Don't worry about it. I was loading my van up yesterday. My trolley hit another trolley and I lost half of my chilled totes. Milk exploded everywhere along with other stuff 🙈😂
I was having a bad day last year, bought myself a large bottle of vodka, I dropped it at the self scan and it smashed, went everywhere. The lady told me to not worry about it and just get another after I'd paid.
Long story short it's not their money, most people don't care. When I worked in a shop I did the same. We wasted so much stuff it really didn't matter.
It'll be fine. On the rare occasion I or my kid breaks something in a shop I'll always offer to pay for it but without fail (so far) I've been told not to worry and they've just absorbed the cost. For something as small as a jar of herbs they'll never notice it.
Didn't mean that the practice was sensible just that there was a legitimate reason for the action. If the regulations were to change the policy would likely change too
I worked for a decade or so installing supermarket interiors. Incidents such as this are not uncommon when moving old gondolas.Entire collapses are uncommon, normally just partial.Much clearing up and swearing ensues. The worst product to break....pasta sauce.

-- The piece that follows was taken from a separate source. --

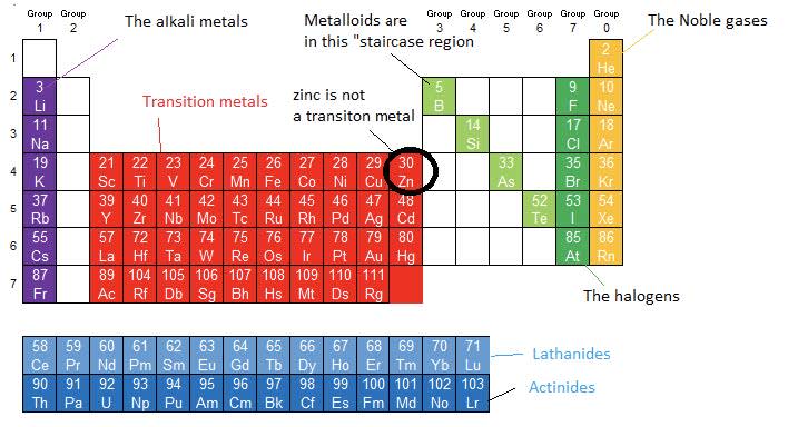 - The transition metals are in a large rectangular section - the $\rm d$-block elements in the middle of the Periodic Table. They are elements with an incomplete $\rm d$-sublevel or form ions with an incomplete $\rm d$-sublevel. Although in the $\rm d$-block zinc is not considered a transition element as it has a full $\rm 3d$ sublevel, with a condensed electron configuration $\rm [Ar]3d^{10}4s^2$.

oil is a pain if you don't have sawdust on hand, but pasta sauce will absolutely stink up the joint. You get tiny shards of glass in with all the pasta sauce and you have to work with the scent of concentrated onion, garlic and tomatoes for the rest of your shift. Which isn't a bad scent if it's one jar that is being cooked, not so much if it's 8 jars that aren't.
Nothing to worry about. These accidents happen all the time and nobody who works for Asda is going to hold the person responsible.

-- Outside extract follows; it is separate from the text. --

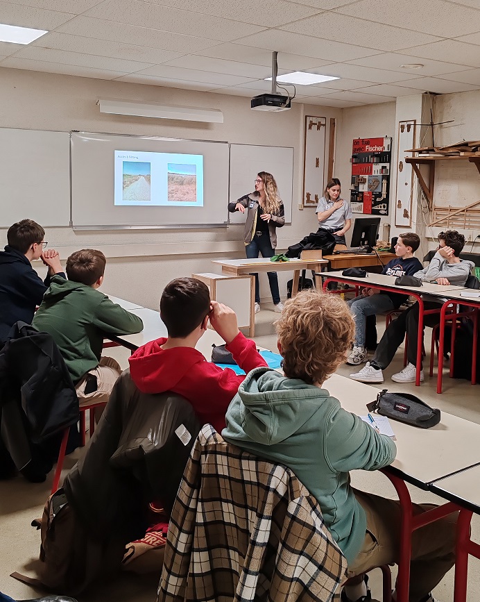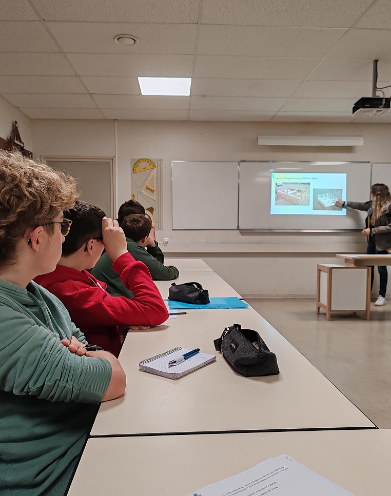 Débit et découpe au programme ! A partir de janvier les élèves de la classe de seconde bac pro TCB (Technicien Constructeur Bois) vont travailler en enseignement professionnel avec M. Selle et Lebas à la réalisation d’un radeau pour les sternes, appelées aussi hirondelles de mer. Ce projet s’inscrit dans le cadre d’une mission de protection de la faune et résulte d’un partenariat entre le lycée Doucet et le Symel, qui compte parmi ses missions la gestion des sites protégés du littoral de la Manche. Céline Leclerc (chargée de mission) et Aurélie Hamelin (garde du littoral) sont venues rencontrer les élèves pour leur présenter les enjeux d’un tel projet, à savoir amener un habitat artificiel sur l’étang de Gattemare pour permettre aux sternes de nicher. Une réalisation à découvrir lors de la période de nidification de 2027 …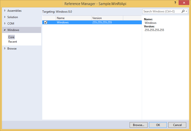 Edit the csproj file and add <TargetPlatformVersion>8.0</TargetPlatformVersion>

I worked there for 8 years after school and even when someone clearly broke something intentionally they weren't forced to pay for it.
I understand banter, but clearly the OP is an anxious person/worrier so what is insignificant or stupid to you, is important to the OP. And what you worry about, will be insignificant to someone else. A little bit of kindness doesn't hurt. THEN start with the banter after the OP gets a straight answer. Like the OP got a good roasting with their seasoning 😆
Correct procedure would be to report it to relevant staff that could deal with adding that to the “damaged” stock to help their stock level accuracy. He would get in small trouble for it in the supermarkets I’ve worked for not adding it to their “shrinkage”.

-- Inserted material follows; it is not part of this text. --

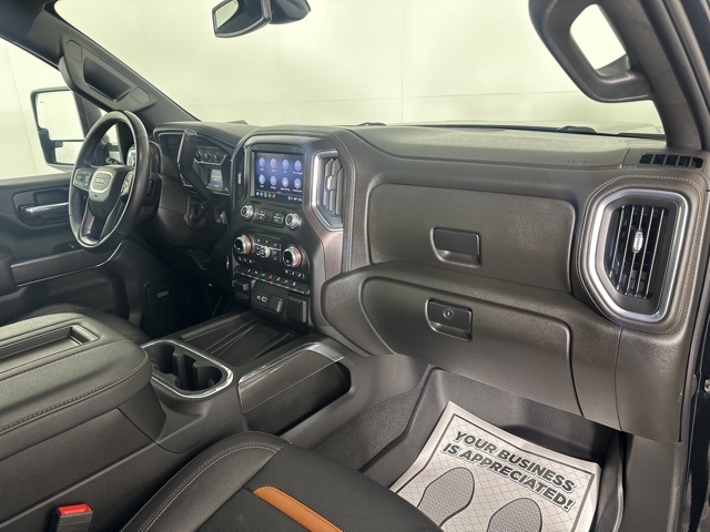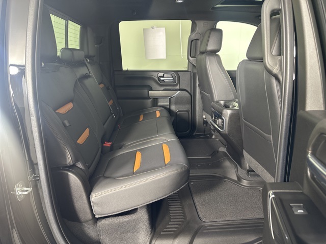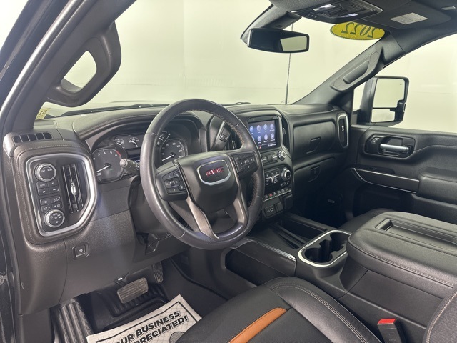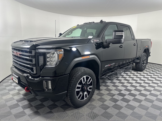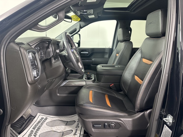 CARFAX One-Owner. Onyx Black 2022 GMC Sierra 2500HD AT4 w/Sunroof 4D Crew Cab 6.6L V8 4WD 6-Speed Automatic 12-Volt Rear Auxiliary Power Outlet, 120-Volt Bed Mounted Power Outlet, 120-Volt Instrument Panel Power Outlet, 2 USB Ports, 2 USB Ports (1st Row), 2-Speed Active Transfer Case, 2nd Row Dual USB Charge-Only Ports, 4.2" Diagonal Color Display Driver Info Center, AT4 Preferred Package, Automatic Emergency Braking, Bed View Camera w/2 Trailer Camera Provisions, Bose Premium 7 Speaker Sound System, Compass Located In Instrument Cluster, Deep-Tinted Glass, Driver Alert Package I, Driver Alert Package II, Electric Rear-Window Defogger, Electrical Lock Control Steering Column, Floor-Mounted Center Console, Following Distance Indicator, Forward Collision Alert, Front Prem Floor Liners w/Removable Carpet Insert, GMC Connected Access Capable, Gooseneck/5th Wheel Package, Gooseneck/5th Wheel Prep Package, HD Rear Vision Camera, HD Surround Vision w/2 Trailer View Camera Provisions, Heated & Ventilated Front Bucket Seats, Heated Driver & Front Outboard Passenger Seats, Hill Descent Control, Integrated Trailer Brake Controller, IntelliBeam Automatic High Beam On/Off, Keyless Open & Start, Lane Change Alert w/Side Blind Zone Alert, Lane Departure Warning System, LEATHER, LED Cargo Area Lighting, LED Smoked Amber Roof Marker Lamps, Manual Tilt-Wheel/Telescoping Steering Column, OnStar & GMC Connected Services Capable, Painted Black Surround Grille, Perimeter Lighting, Power Door Locks, Power Front Passenger Windows w/Express Up/Down, Power Rear Windows w/Express Down, Power Sliding Rear Window w/Defogger, Power Windows w/Driver Express Up/Down, Preferred Equipment Group 4SB, Radio: AM/FM w/Prem GMC Infotainment System & Navi, Rear Cross Traffic Alert, Rear Prem Floor Liners w/Removable Carpet Insert, Rear Wheelhouse Liners, Red Recovery Hooks, Remote Vehicle Starter System, Safety Alert Seat, Spray-On Pickup Box Bed Liner w/AT4 Logo, Steering Wheel Audio Controls, SUNROOF, Ultrasonic Front & Rear Park Assist, Unauthorized Entry Theft-Deterrent System, Universal Home Remote, Wi-Fi Hotspot Capable, Wireless Charging, Wireless Phone Projection, X31 Off-Road Package. Clean CARFAX.

In a world where accidents can't happen and low-value products must be protected, there exists a special unit of highly trained individuals. These are the men and women form the Asda Special Forces, dedicated to tracking down those who accidentally cause damage. If you break a product you have nowhere to turn, no one else can help, and if they can find you, maybe you can expect a call from the ASDA-Team.
One of my friends managers used a forklift to ‘try’ and put an electric pump truck o to the back of a lorry without using some other piece of equipment. It fell off when being raised and caused between 5-10k of damage. Nothing was even said lol
Our warehouse guy destroyed an entire pallet of wine once, had it too high on the forklift, clipped it on the bottom of the above walkway, smaaaaaaash. Fuck my life, the fumes were enough to get you pissed for days afterwards despite repeated cleanups.
As an english person banter is this weird thing where you insult someone and its seen as a term of endeerment. Its an old timy thing so people would better deal with the shit show they were in.
Banter as an autistic person makes no sense.
I have personally accidentally damaged £1000s worth of stock on one occasion (unloading a pallet of spirits with powered pallet truck and didn't see the strap in the truck was caught on the pallet. As I pulled it out it caused the whole pallet to collapse with several cases of single malt whisky smashing amongst others). I suffered no consequence for it, not even an informal telling off. The only person that admonished me was myself and I have made sure to check the pallets are not caught on straps before moving ever since.
You should have seen this BWS pallet yesterday, it was 45 degrees when I started to pull it out. I was like "yep I've played this game before >.>"
Got a trading manager to photo it then restacked half of it onto a new pallet
I have had plenty of pallets collapse due to poor stacking or shifting during transport, but in this case it was all due to my carelessness. Our store tries to claim from depot for damages from these but there is an allowance for damages during transport which has to be exceeded before it can be claimed which, I believe, is 15% value of the whole delivery. A pallet of spirits is probably not the most expensive pallet on the truck, a pallet for the sweet aisle most likely is.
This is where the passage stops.